Влодзимеж Новак - Окружность головы Страница 4
Влодзимеж Новак - Окружность головы читать онлайн бесплатно
В обеденный перерыв Халина Виташек отлучилась с работы, чтобы накормить детей. Она жарила картофельные оладьи. Жили они тогда у родственников в Острове. Жарит она, значит, оладьи, а тут дети кричат, что пришла какая-то женщина с девочкой, у которой на шее картонка. На картонке было написано, что это Алодия Виташек и адрес, ну прямо как на посылке. Они стояли и улыбались друг дружке. Алодия не понимала по-польски. В конце концов, девочка сказала поседевшей матери по-немецки: ты была моложе и блондинка.
Оладьи пригорели.
Дарья вернулась из Австрии месяц спустя, под Новый год. Сохранился протокол «приема-сдачи»: номер транспорта 0/138, кто сдает ребенка, кто принимает, подписи, личные вещи — чемоданчик с кулечком (игрушки).
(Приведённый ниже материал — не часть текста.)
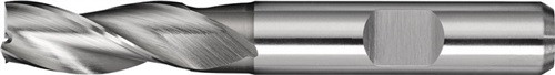 HSS-Co8 · DIN 844 · Typ N · Dreischneider · lang · Zentrumschnitt · Zylinderschaft mit Mitnahmefläche · rechtsschneidend · zum Fräsen von Werkstoffen mit geringer und mittlerer Festigkeit bis ca. 800 N/mm² · Nenn-Ø 9, 11, 13, 15 mm = Toleranz h10, Rest = e8 · Weitere technische Eigenschaften Einsatzlänge: 36mm • Freischliff: 11,5mm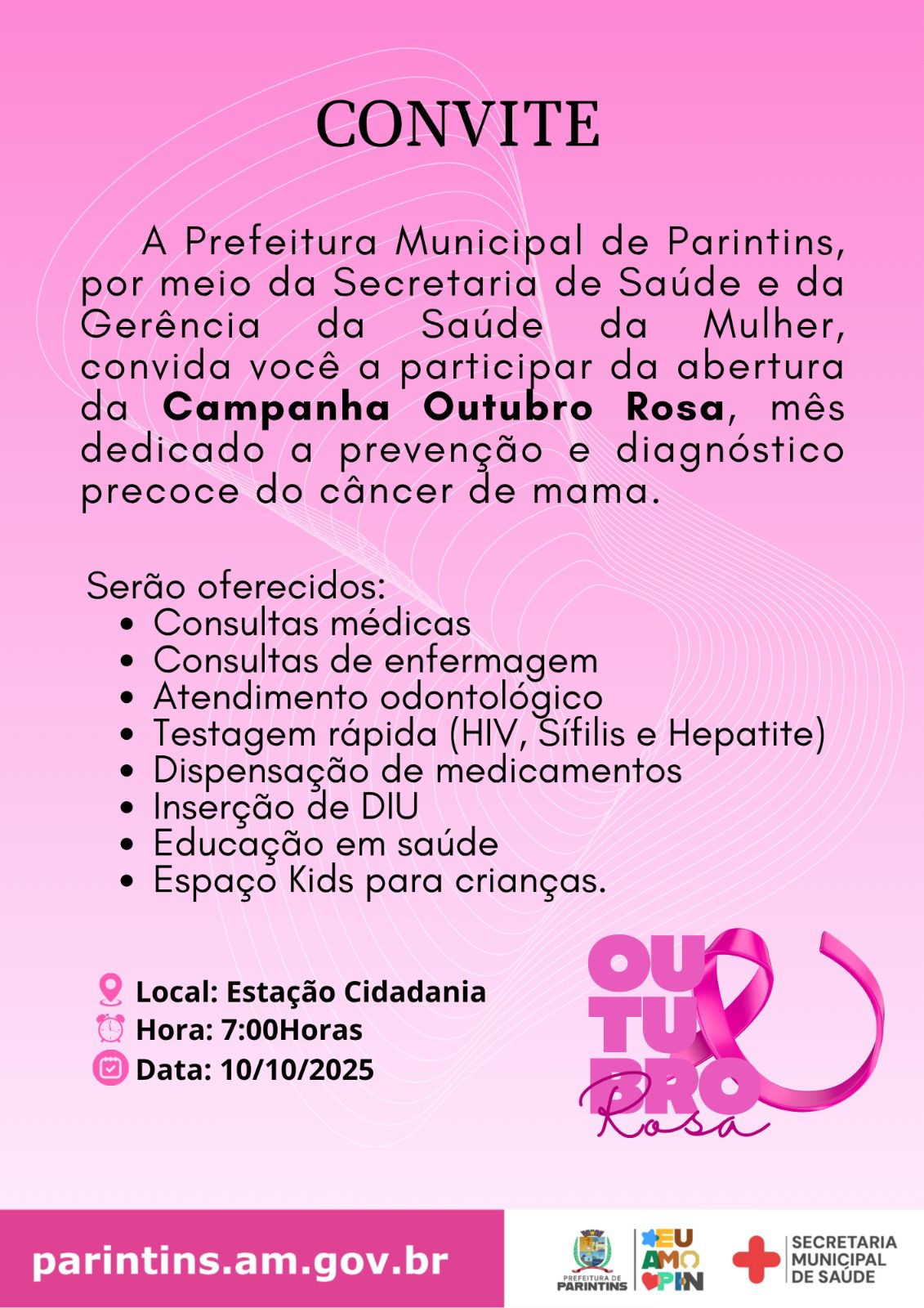 O cuidado com a saúde é feito o ano todo. Para isso, a Prefeitura de Parintins, com atuação da Secretaria Municipal de Saúde (SEMSA), realiza nesta sexta-feira, 10, a abertura oficial da Campanha Outubro Rosa, mês dedicado à prevenção e à detecção precoce do câncer de mama e do câncer do colo do útero. O evento acontecerá a partir das 7h, na Estação Cidadania, bairro da União, com uma programação especial voltada à saúde e ao bem-estar das mulheres parintinenses.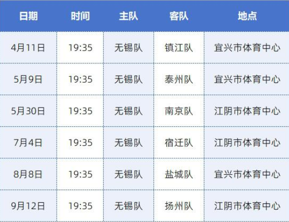 3月8日,市体育局公布了2026江苏省城市足球联赛无锡队主场比赛的时间和场地安排。循环赛阶段无锡队的6个主场比赛全部安排在周六19时35分开赛,宜兴市体育中心和江阴市体育中心各承担3场比赛。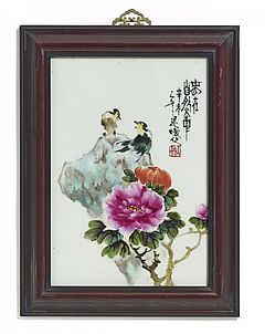 PLATTE MIT VÖGELN UND PÄONIEN.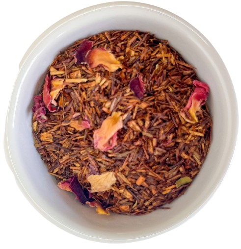 Infusão deliciosa de Rooibos com framboesa, pétalas de rosa e baunilha.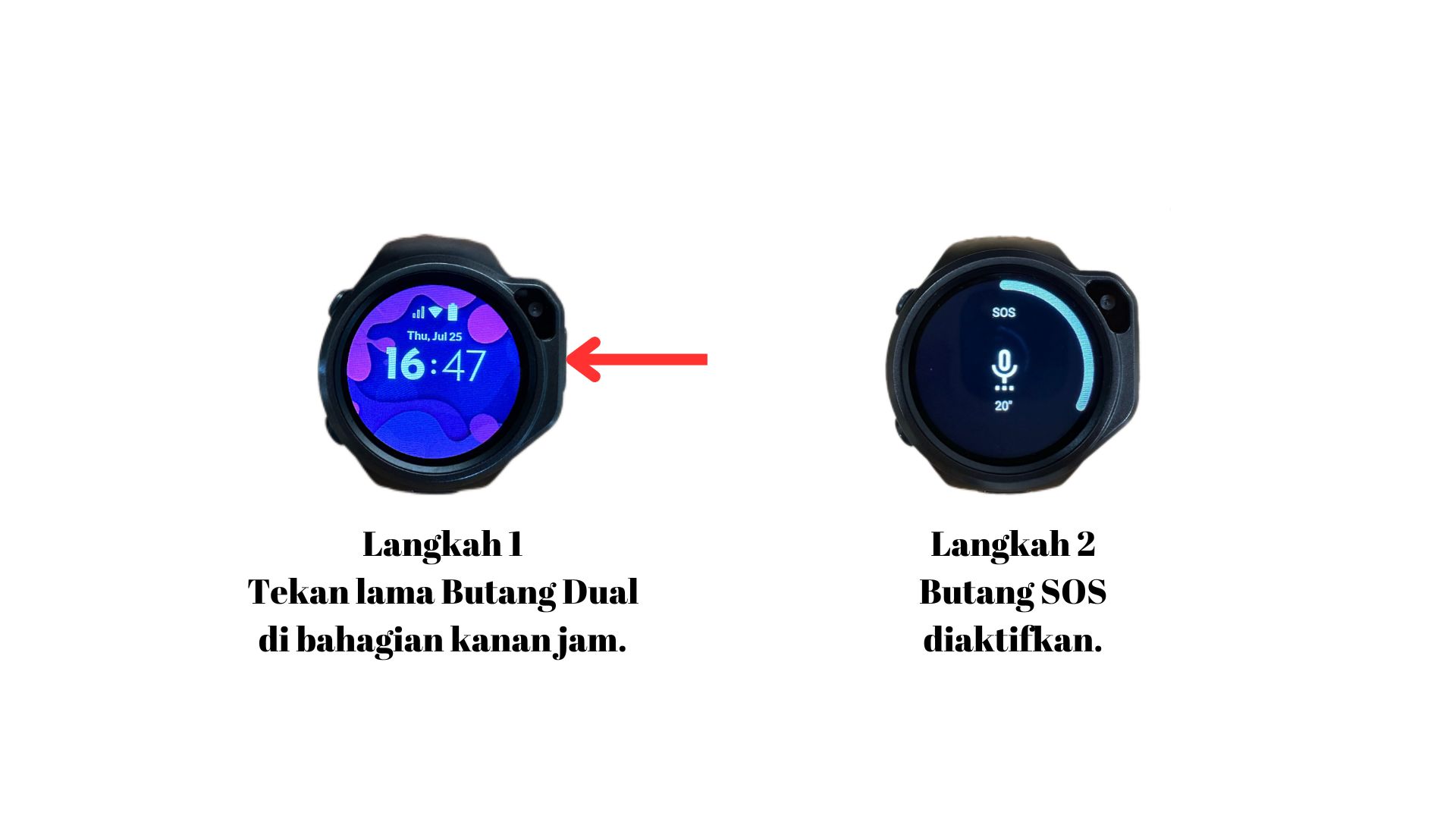 Tekan lama Butang Dual di bahagian kanan jam.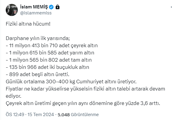 Darphane altın basmaya yetişemiyor! Yatırımcılar fiziki altına hücum ediyor! İslam Memiş'ten son dakika altın yorumu!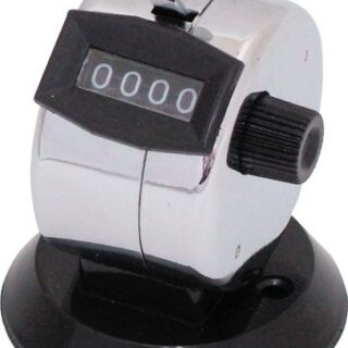 Four digit (0-9999) metal body mechanical counters of sturdy chrome plated steel construction. With push button actuator and reset button. Comfortably fits in the palm of your hand, with finger ring and audible click on each count. Recommended for applications where operator must be mobile such as counting circulation, checking meeting attendance, inventory, etc.

— Ах, я хорошо это помню. — Дарья Виташек, по мужу Войтович, живет в Быдгоще, работала учительницей, сейчас на пенсии. — Это были две фигурки, я получила их в подарок от Деда Мороза. Белая фигурка святого и черненький чертенок. Вот с этими святым и чертенком я и появилась у мамы.
Она помнит, как они с мамой поехали в Познань к тетке, у которой Дарья жила в первые годы оккупации.
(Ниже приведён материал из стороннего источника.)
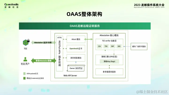 首先上图是 OAAS 实例在服务侧的一个整体的模块架构图。大家可以看到在实现上,我们把服务实例从内部划分为两个大的模块群,左边是 Web API Server,负责处理一些前端的业务逻辑,而右边是 Attestation 核心,负责执行真正涉及信任的证明验证逻辑。这样的划分有助于在部署的时候采取不同的安全保护级别。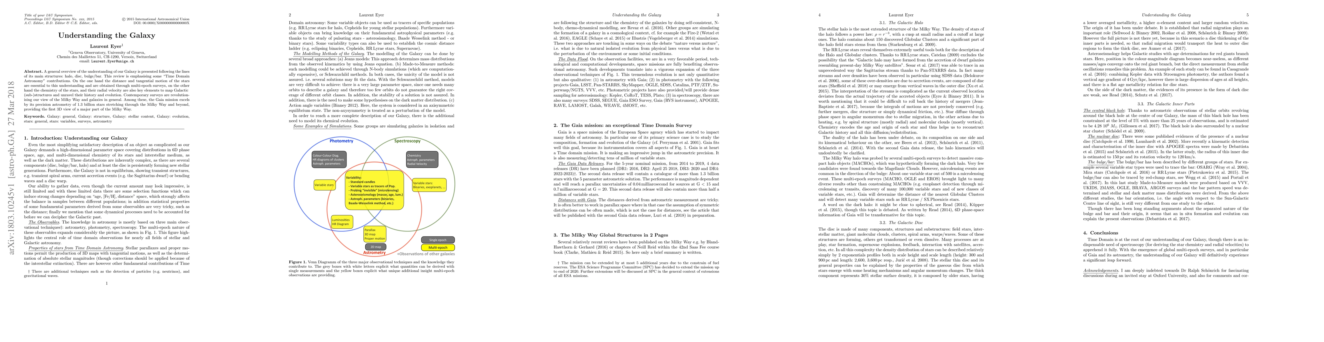 A general overview of the understanding of our Galaxy is presented following the lines of its main structures: halo, disc, bulge/bar. This review is emphasising some "Time Domain Astronomy" contributions. On the one hand the distance and tangential motion of the stars are essential to this understanding and are obtained through multi-epoch surveys, on the other hand the chemistry of the stars, and their radial velocity are also key elements to map Galactic (sub-)structures and unravel their history and evolution. Contemporary surveys are revolutionising our view of the Milky Way and galaxies in general. Among these, the Gaia mission excels by its precision astrometry of 1.3 billion stars stretching through the Milky Way and beyond, providing the first 3D view of a major part of the Milky Way.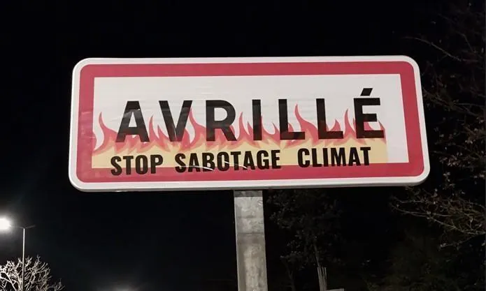 Le panneau d’entrée de ville d’Avrillé, en Maine-et-Loire, recouvert de flammes. © Greenpeace Angers

— Маме было интересно, найду ли я дорогу, потом они с тетей стали спрашивать, что я из того времени помню. Я говорила, где была кухня и как я во дворе покалечила палец. Тетя кивала, а мама радовалась. Она ведь тоже хотела убедиться, что эта щебечущая по-немецки девчушка действительно ее дочь. Все совпадало, только когда я заспорила, утверждая, что возле дома был пруд, обе они огорчились. Но тут тетя вспомнила: «Ну да, это была огромная воронка, оставшаяся от бомбы и полная воды».
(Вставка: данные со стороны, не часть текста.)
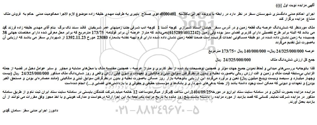 مزایده مزایده بصورت آنلاین و در سامانه سایت ستاد ایرانو در مورخه1404/09/25راس ساعت 8برگزار میگرددوساعت 12 خاتمه میابد.شرکت کنندگان بایستی در سامانه سایت ستاد ایران ثبت نام و از طریق سامانه مذکور در مزایده شرکت نمایند. کسانی که قصد بازدید از مورد مزایده را داشته باشند،پنج روز مانده به تاریخ مزایده بامراجعه به این اجرا ارائه درخواست و مدارک هویتی و با اخذ مجوز وفق مقررات می توانند از آن بازدید بعمل آورند.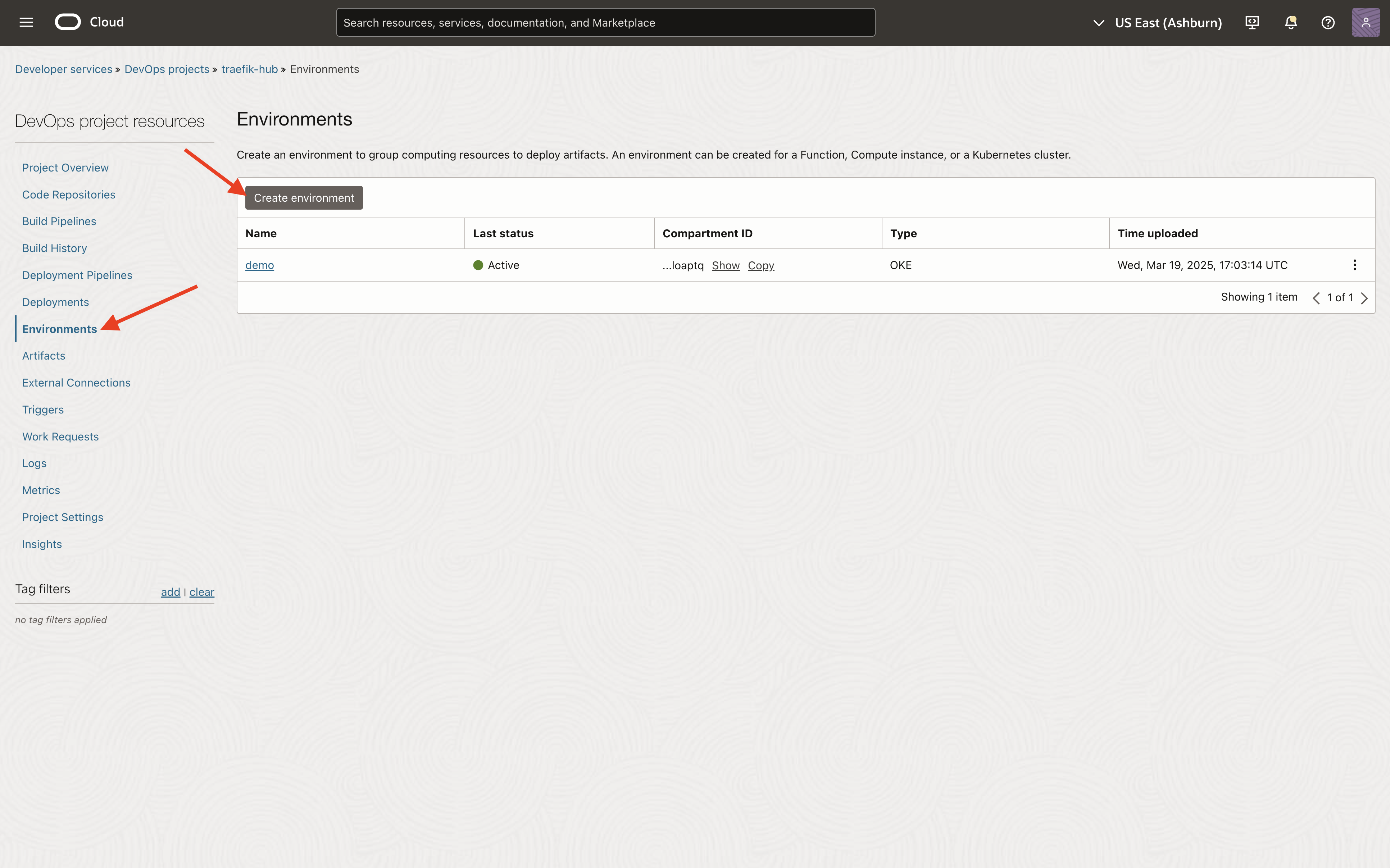 The Deployment Pipelines in OCI DevOps apply to a target Environment which is a group of computing resources. To create this environment, navigate to Environments in the side menu of your DevOps project and select Create Environment.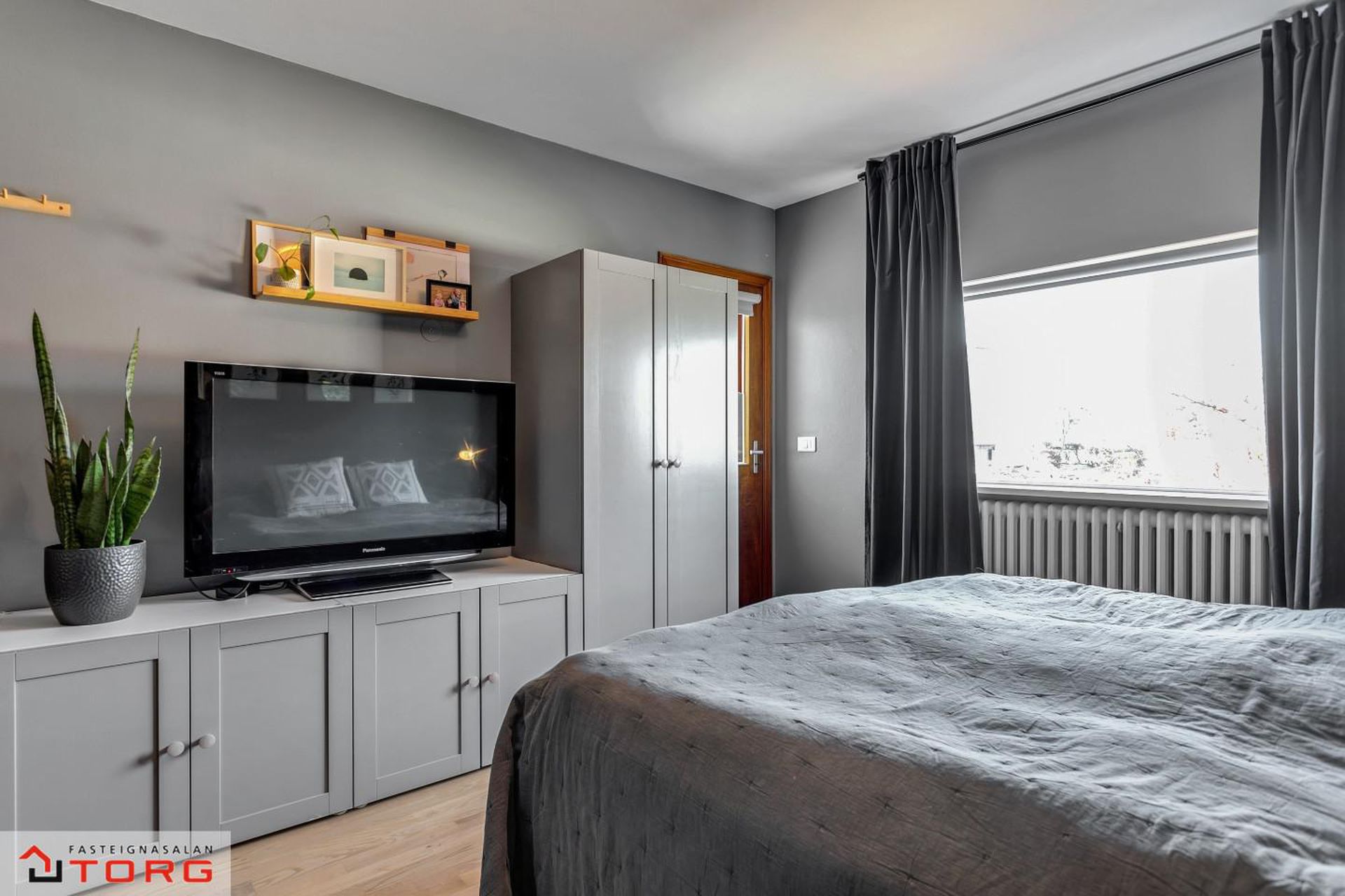 Sjónvarpsherbergi - Rúmgott 14,5 m² Sem áður var hjónaherbergi með harðparketi á gólfi. Hurð er út á suðvestursvalir.

Алодия: В доме царила страшная нищета, мама одна, с пятью детьми. В Познани все разграблено. Я ходила в польскую школу, не зная ни слова по-польски. До окончания начальной школы говорила еще с немецким акцентом. К тому же берлинским, гортанным. У Дарьи акцент был более мягкий, австрийский, легче переносимый для польского уха. В те времена слух у всех на немецкую речь был обостренный. Не было человека, который бы не потерял кого-то из близких. А тут приезжает этакая маленькая немчура и стрекочет по-немецки. Дети меня страшно доставали. Помню постоянное свое смущение, напряженность и себя с пылающими щеками, а в классе — взрывы хохота. В Стендале я была бойким ребенком, уверенным в себе. А тут мы с Дарьей замкнулись. Замолчали. Для нас война еще не кончилась. Сестры и братишка нас тоже не понимали. Маме приходилось переводить — она знала немецкий. В один прекрасный день мы с Дарьей решили бежать обратно в Германию. Наши перешептывания услышала старшая сестра и пожаловалась маме.
Дарья Войтович: Когда я заговорила по-польски? Это было весной 1948 года, я училась в четвертом классе. Мне предстояло идти к первому причастию и исповедоваться. К исповеди готовилась и старшая сестра, мы вместе готовились. С той только разницей, что она перечисляла свои грехи по-польски, а я по-немецки. И вот стою я возле исповедальни на коленях и вдруг слышу, что исповедуюсь-то я по-польски. К немецкому языку у меня на всю жизнь осталось отвращение. В лицее я выбрала латинский. В Политехническом пару семестров снова пришлось учить немецкий, но он у меня как-то не пошел.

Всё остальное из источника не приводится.